- [WORK TASK]:
The entries below are to be duplicated exactly, with nothing left out.
==============================
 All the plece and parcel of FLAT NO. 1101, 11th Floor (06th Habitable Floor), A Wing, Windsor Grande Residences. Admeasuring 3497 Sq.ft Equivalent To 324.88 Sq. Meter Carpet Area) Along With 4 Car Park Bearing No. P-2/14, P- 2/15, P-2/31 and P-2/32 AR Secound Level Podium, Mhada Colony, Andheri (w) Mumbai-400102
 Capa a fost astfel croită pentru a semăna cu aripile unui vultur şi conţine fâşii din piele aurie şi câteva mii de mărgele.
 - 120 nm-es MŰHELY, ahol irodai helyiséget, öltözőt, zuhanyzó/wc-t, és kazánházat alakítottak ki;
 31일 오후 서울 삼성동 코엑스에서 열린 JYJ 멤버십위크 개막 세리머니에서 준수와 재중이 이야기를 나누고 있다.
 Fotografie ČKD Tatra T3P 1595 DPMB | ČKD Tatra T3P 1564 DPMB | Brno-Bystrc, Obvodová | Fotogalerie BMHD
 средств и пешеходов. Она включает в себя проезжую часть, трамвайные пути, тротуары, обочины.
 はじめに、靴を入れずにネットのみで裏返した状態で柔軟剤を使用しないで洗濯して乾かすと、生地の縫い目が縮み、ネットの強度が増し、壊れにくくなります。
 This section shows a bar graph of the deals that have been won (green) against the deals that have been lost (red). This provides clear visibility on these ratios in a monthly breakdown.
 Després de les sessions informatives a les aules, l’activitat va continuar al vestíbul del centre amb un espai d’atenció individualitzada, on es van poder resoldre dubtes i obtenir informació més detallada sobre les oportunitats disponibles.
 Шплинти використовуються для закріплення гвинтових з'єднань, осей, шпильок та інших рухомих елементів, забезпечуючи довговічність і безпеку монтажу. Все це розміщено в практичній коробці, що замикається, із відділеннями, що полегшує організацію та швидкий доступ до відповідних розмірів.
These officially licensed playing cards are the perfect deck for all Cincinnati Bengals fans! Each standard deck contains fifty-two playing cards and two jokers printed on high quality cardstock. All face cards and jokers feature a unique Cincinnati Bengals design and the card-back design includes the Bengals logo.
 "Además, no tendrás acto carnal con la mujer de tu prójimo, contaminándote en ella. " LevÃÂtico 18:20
==============================
- [THE ANSWER]:
 All the plece and parcel of FLAT NO. 1101, 11th Floor (06th Habitable Floor), A Wing, Windsor Grande Residences. Admeasuring 3497 Sq.ft Equivalent To 324.88 Sq. Meter Carpet Area) Along With 4 Car Park Bearing No. P-2/14, P- 2/15, P-2/31 and P-2/32 AR Secound Level Podium, Mhada Colony, Andheri (w) Mumbai-400102
 Capa a fost astfel croită pentru a semăna cu aripile unui vultur şi conţine fâşii din piele aurie şi câteva mii de mărgele.
 - 120 nm-es MŰHELY, ahol irodai helyiséget, öltözőt, zuhanyzó/wc-t, és kazánházat alakítottak ki;
 31일 오후 서울 삼성동 코엑스에서 열린 JYJ 멤버십위크 개막 세리머니에서 준수와 재중이 이야기를 나누고 있다.
 Fotografie ČKD Tatra T3P 1595 DPMB | ČKD Tatra T3P 1564 DPMB | Brno-Bystrc, Obvodová | Fotogalerie BMHD
 средств и пешеходов. Она включает в себя проезжую часть, трамвайные пути, тротуары, обочины.
 はじめに、靴を入れずにネットのみで裏返した状態で柔軟剤を使用しないで洗濯して乾かすと、生地の縫い目が縮み、ネットの強度が増し、壊れにくくなります。
 This section shows a bar graph of the deals that have been won (green) against the deals that have been lost (red). This provides clear visibility on these ratios in a monthly breakdown.
 Després de les sessions informatives a les aules, l’activitat va continuar al vestíbul del centre amb un espai d’atenció individualitzada, on es van poder resoldre dubtes i obtenir informació més detallada sobre les oportunitats disponibles.
 Шплинти використовуються для закріплення гвинтових з'єднань, осей, шпильок та інших рухомих елементів, забезпечуючи довговічність і безпеку монтажу. Все це розміщено в практичній коробці, що замикається, із відділеннями, що полегшує організацію та швидкий доступ до відповідних розмірів.
These officially licensed playing cards are the perfect deck for all Cincinnati Bengals fans! Each standard deck contains fifty-two playing cards and two jokers printed on high quality cardstock. All face cards and jokers feature a unique Cincinnati Bengals design and the card-back design includes the Bengals logo.
 "Además, no tendrás acto carnal con la mujer de tu prójimo, contaminándote en ella. " LevÃÂtico 18:20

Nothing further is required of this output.